The scene is constructed almost like a boxing match, with them warily circling, making test jabs and then swinging with all they’ve got. It’s hard not to imagine the actor and actress on their feet, energized by the debate.
But Prowse has them sitting calmly on opposite sides of the stage, expressing barely enough passion to keep the conversation going. The scene is still good, because Shaw’s writing is so good. But it doesn’t achieve the theatrical miracle that is Shaw’s trademark, of making the exchange of ideas dramatically exciting.
And that scene is emblematic of the production as a whole, Prowse repeatedly choosing plot over ideas, sentiment over satire. The play’s virtues are all here, but rarely as excitingly as the best of Shaw can be.
Rupert Everett’s Higgins is a classic absent-minded professor, so satisfied by his view of the world that it never occurs to him that others might not see things as he does or, indeed, that others really exist at all.
Perhaps led by the director’s moderating hand, Everett doesn’t make Higgins too eccentric, too nasty, too comic or too tic-filled. But that’s a characterization built on negatives, and Everett continually runs the risk of making him not much of anything.

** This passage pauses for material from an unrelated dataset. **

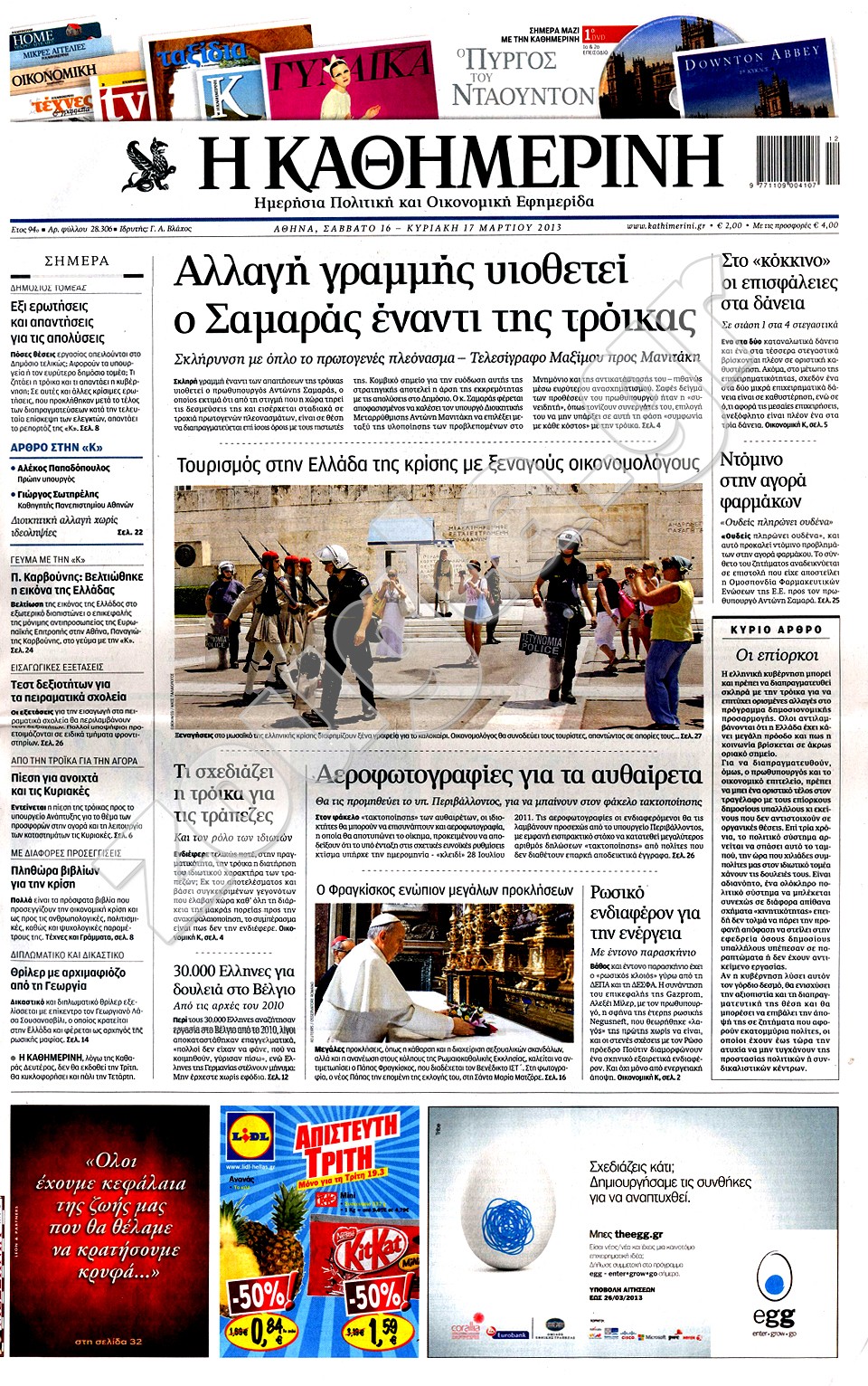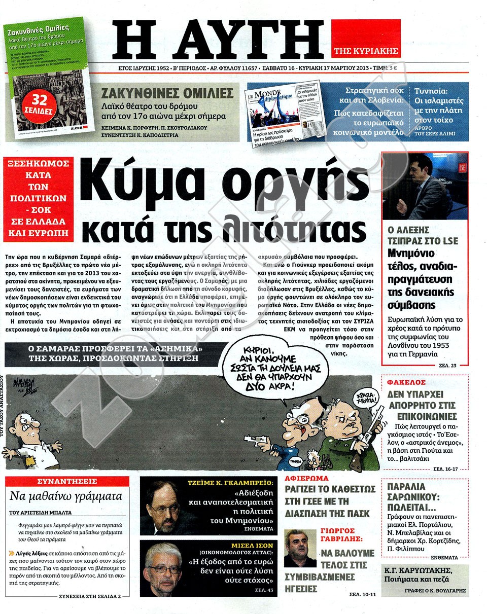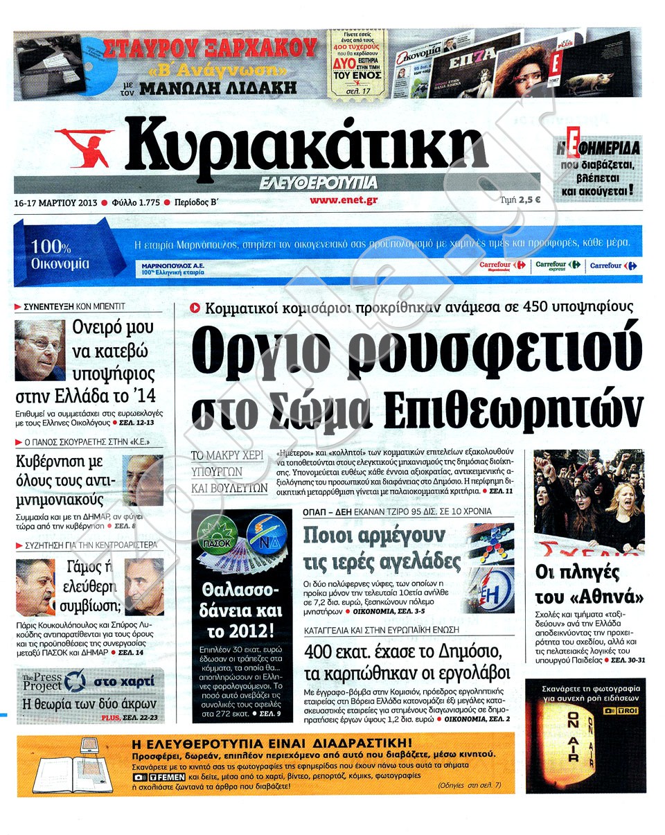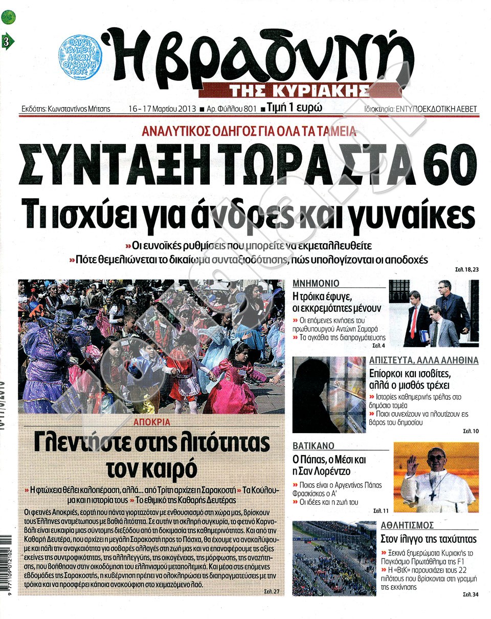 Διαβάστε από σήμερα στη zougla.gr τα πρωτοσέλιδα των κυριακάτικων εφημερίδων που κυκλοφορούν εκτάκτως το Σάββατο.
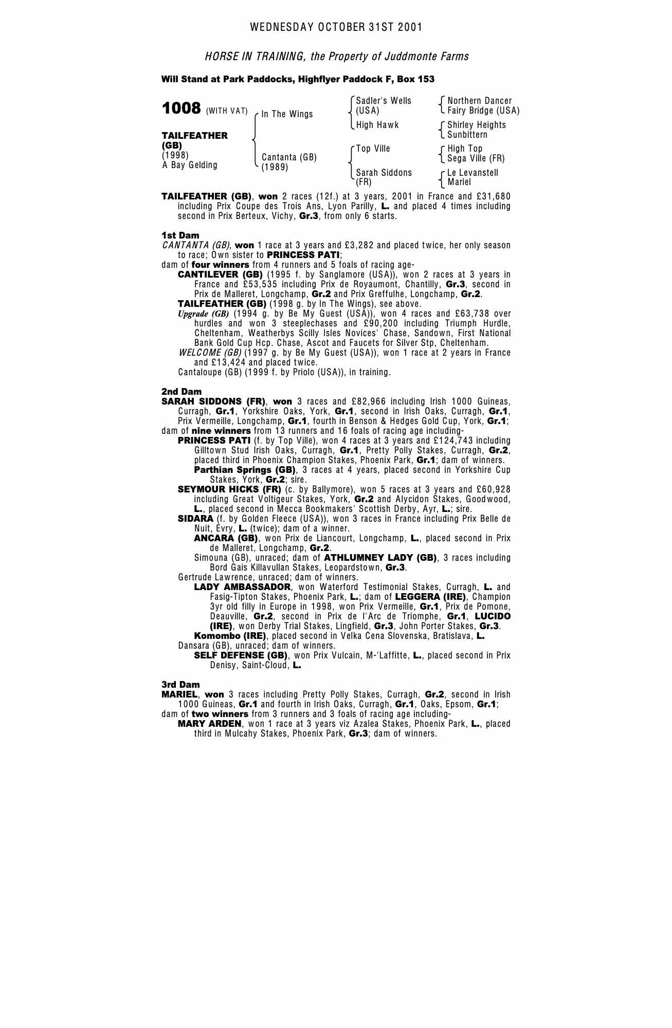 Autumn Horses in Training Sale 2000 lot 999 Welcome (GB) (C. by Be My Guest (USA)), Juddmonte Farms=>D Bridgewater 42,000 gns

Kara Tointon is appropriately lovely and lovable as Eliza, despite a Cockney sound in the early scenes that has a bit of Dick Van Dyke about it and a tendency to lose concentration when she isn’t speaking, going dead until her next cue wakes her and gets her back into character.
Even at her most alive, her Eliza is too passive, too instinctively subservient to offer Higgins much of a match.
Diana Rigg is totally wasted in the cameo role of Mrs. Higgins, Peter Eyre is a pleasant grandfatherly Pickering, and Michael Feast an oddly tentative Doolittle.
It’s still a fun evening, but too safely so – Shaw-Lite.